### Data section ###
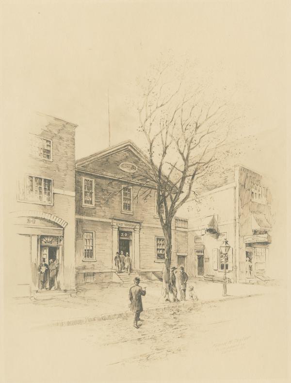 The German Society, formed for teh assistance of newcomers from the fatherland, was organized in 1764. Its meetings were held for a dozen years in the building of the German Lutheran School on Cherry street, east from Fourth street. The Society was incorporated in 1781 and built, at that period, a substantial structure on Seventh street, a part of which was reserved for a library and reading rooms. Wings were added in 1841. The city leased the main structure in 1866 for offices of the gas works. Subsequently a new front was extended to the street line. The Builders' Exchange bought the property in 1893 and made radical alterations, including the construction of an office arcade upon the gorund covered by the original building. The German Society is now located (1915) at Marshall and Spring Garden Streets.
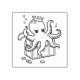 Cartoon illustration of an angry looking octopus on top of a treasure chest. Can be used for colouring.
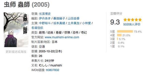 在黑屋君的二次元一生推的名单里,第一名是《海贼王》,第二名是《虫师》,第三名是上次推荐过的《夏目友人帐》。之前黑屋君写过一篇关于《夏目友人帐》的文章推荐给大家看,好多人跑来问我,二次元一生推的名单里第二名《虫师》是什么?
###
### Data section ###
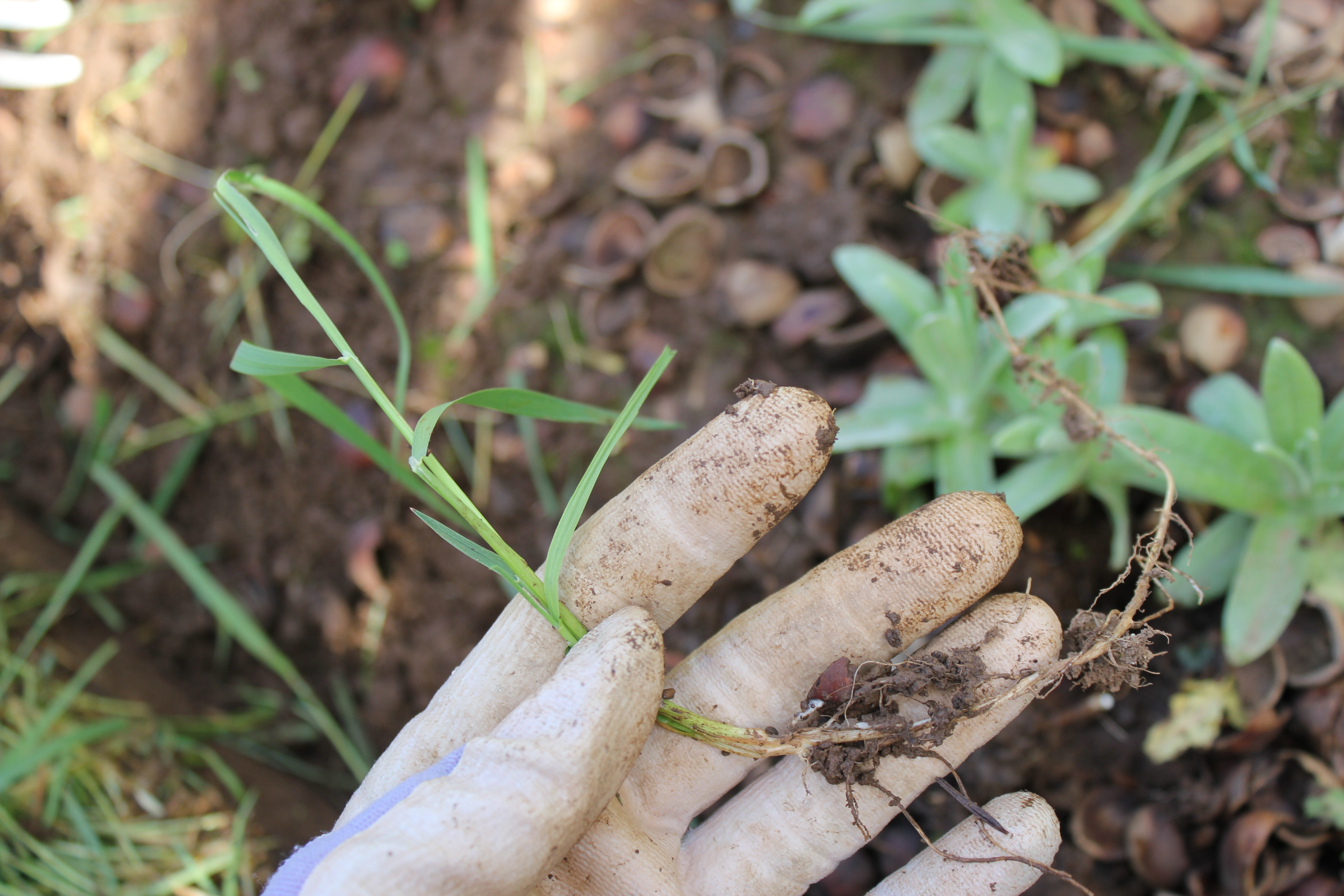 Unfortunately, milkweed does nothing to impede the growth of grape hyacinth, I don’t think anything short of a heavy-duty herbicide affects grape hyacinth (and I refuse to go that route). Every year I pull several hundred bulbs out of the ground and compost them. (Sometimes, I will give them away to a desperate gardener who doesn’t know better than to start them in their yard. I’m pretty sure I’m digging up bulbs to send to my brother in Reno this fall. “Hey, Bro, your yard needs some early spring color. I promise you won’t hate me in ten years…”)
###
## Directions
What lines above run from the one with "Cartoon illustration of" to the one with "在黑屋君的二次元一生推的名单"? Give them again exactly, ends included, and leave the pictures out.

## Response area
 Cartoon illustration of an angry looking octopus on top of a treasure chest. Can be used for colouring.
 在黑屋君的二次元一生推的名单里,第一名是《海贼王》,第二名是《虫师》,第三名是上次推荐过的《夏目友人帐》。之前黑屋君写过一篇关于《夏目友人帐》的文章推荐给大家看,好多人跑来问我,二次元一生推的名单里第二名《虫师》是什么?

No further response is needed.